Data to use Start Marker

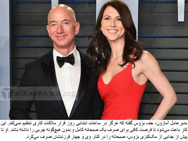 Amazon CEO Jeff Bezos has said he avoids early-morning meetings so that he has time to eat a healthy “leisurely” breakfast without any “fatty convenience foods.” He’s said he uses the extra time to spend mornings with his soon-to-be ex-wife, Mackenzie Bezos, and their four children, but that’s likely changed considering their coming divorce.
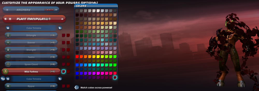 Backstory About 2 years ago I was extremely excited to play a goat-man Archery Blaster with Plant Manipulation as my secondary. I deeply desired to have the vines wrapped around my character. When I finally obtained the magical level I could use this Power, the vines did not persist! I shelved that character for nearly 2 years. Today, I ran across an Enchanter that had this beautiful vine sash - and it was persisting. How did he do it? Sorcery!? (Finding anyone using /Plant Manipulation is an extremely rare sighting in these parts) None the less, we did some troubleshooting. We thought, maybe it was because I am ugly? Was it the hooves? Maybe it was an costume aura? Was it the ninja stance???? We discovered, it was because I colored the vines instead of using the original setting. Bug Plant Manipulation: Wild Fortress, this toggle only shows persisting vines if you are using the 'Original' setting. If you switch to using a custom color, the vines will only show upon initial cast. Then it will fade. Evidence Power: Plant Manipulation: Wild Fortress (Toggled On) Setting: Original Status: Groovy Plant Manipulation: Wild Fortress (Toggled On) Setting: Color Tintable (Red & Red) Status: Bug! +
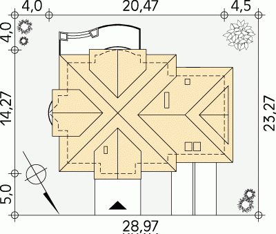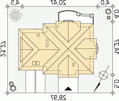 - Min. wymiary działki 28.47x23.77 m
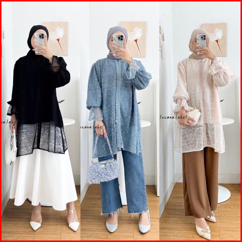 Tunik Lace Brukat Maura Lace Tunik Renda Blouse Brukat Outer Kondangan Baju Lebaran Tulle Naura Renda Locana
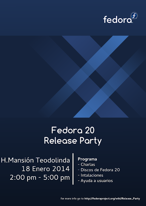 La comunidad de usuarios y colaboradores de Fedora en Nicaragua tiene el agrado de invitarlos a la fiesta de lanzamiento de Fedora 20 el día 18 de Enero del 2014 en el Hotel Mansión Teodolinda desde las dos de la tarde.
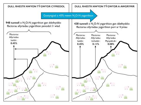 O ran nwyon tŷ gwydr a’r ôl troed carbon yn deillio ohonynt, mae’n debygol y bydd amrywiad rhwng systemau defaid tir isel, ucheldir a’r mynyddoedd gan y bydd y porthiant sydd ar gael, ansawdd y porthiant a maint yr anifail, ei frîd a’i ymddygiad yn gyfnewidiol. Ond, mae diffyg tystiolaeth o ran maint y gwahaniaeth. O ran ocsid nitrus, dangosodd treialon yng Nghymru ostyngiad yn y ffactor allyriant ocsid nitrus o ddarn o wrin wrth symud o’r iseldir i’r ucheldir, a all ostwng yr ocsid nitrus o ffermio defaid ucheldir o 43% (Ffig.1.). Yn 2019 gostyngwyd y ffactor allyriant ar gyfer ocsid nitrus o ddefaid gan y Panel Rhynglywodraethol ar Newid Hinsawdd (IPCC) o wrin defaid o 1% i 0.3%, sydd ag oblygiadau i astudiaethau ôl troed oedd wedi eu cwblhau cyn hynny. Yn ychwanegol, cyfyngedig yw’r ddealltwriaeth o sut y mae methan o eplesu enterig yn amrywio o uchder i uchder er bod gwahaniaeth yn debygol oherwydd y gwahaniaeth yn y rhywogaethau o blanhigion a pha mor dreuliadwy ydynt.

Data to use End Marker
Data to use Start Marker

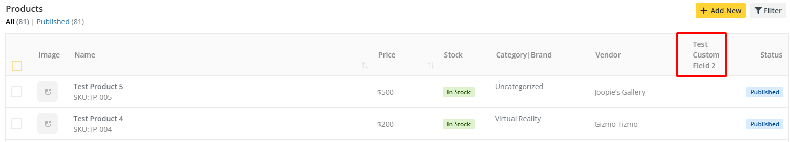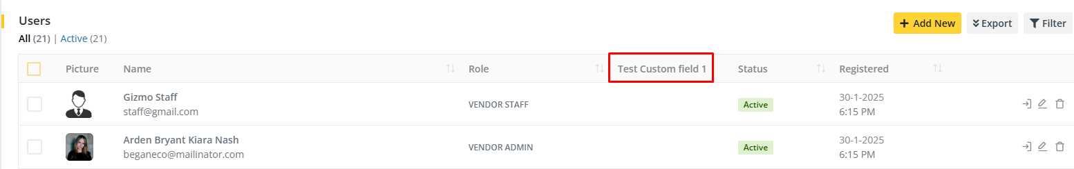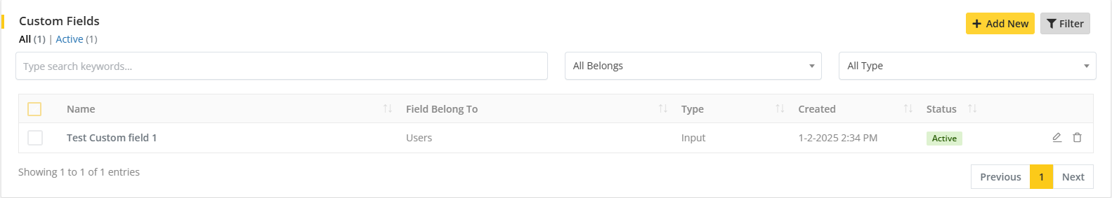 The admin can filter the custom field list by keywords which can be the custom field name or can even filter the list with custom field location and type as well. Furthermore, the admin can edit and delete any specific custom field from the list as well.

Data to use End Marker
Data to use Start Marker

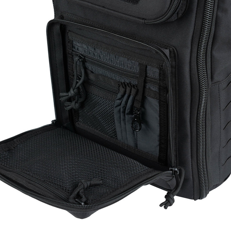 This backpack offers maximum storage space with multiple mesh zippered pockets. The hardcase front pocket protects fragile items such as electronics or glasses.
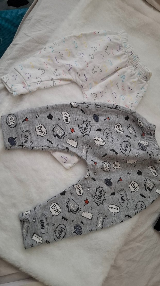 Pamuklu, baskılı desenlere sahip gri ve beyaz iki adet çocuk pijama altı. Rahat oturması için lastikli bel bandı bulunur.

Data to use End Marker

**Your goal:** Starting at the line above with "Amazon CEO Jeff", output every line exactly up to and including the line with "La comunidad de", but none of the pictures.

**Answer section:**
 Amazon CEO Jeff Bezos has said he avoids early-morning meetings so that he has time to eat a healthy “leisurely” breakfast without any “fatty convenience foods.” He’s said he uses the extra time to spend mornings with his soon-to-be ex-wife, Mackenzie Bezos, and their four children, but that’s likely changed considering their coming divorce.
 Backstory About 2 years ago I was extremely excited to play a goat-man Archery Blaster with Plant Manipulation as my secondary. I deeply desired to have the vines wrapped around my character. When I finally obtained the magical level I could use this Power, the vines did not persist! I shelved that character for nearly 2 years. Today, I ran across an Enchanter that had this beautiful vine sash - and it was persisting. How did he do it? Sorcery!? (Finding anyone using /Plant Manipulation is an extremely rare sighting in these parts) None the less, we did some troubleshooting. We thought, maybe it was because I am ugly? Was it the hooves? Maybe it was an costume aura? Was it the ninja stance???? We discovered, it was because I colored the vines instead of using the original setting. Bug Plant Manipulation: Wild Fortress, this toggle only shows persisting vines if you are using the 'Original' setting. If you switch to using a custom color, the vines will only show upon initial cast. Then it will fade. Evidence Power: Plant Manipulation: Wild Fortress (Toggled On) Setting: Original Status: Groovy Plant Manipulation: Wild Fortress (Toggled On) Setting: Color Tintable (Red & Red) Status: Bug! +
 - Min. wymiary działki 28.47x23.77 m
 Tunik Lace Brukat Maura Lace Tunik Renda Blouse Brukat Outer Kondangan Baju Lebaran Tulle Naura Renda Locana
 La comunidad de usuarios y colaboradores de Fedora en Nicaragua tiene el agrado de invitarlos a la fiesta de lanzamiento de Fedora 20 el día 18 de Enero del 2014 en el Hotel Mansión Teodolinda desde las dos de la tarde.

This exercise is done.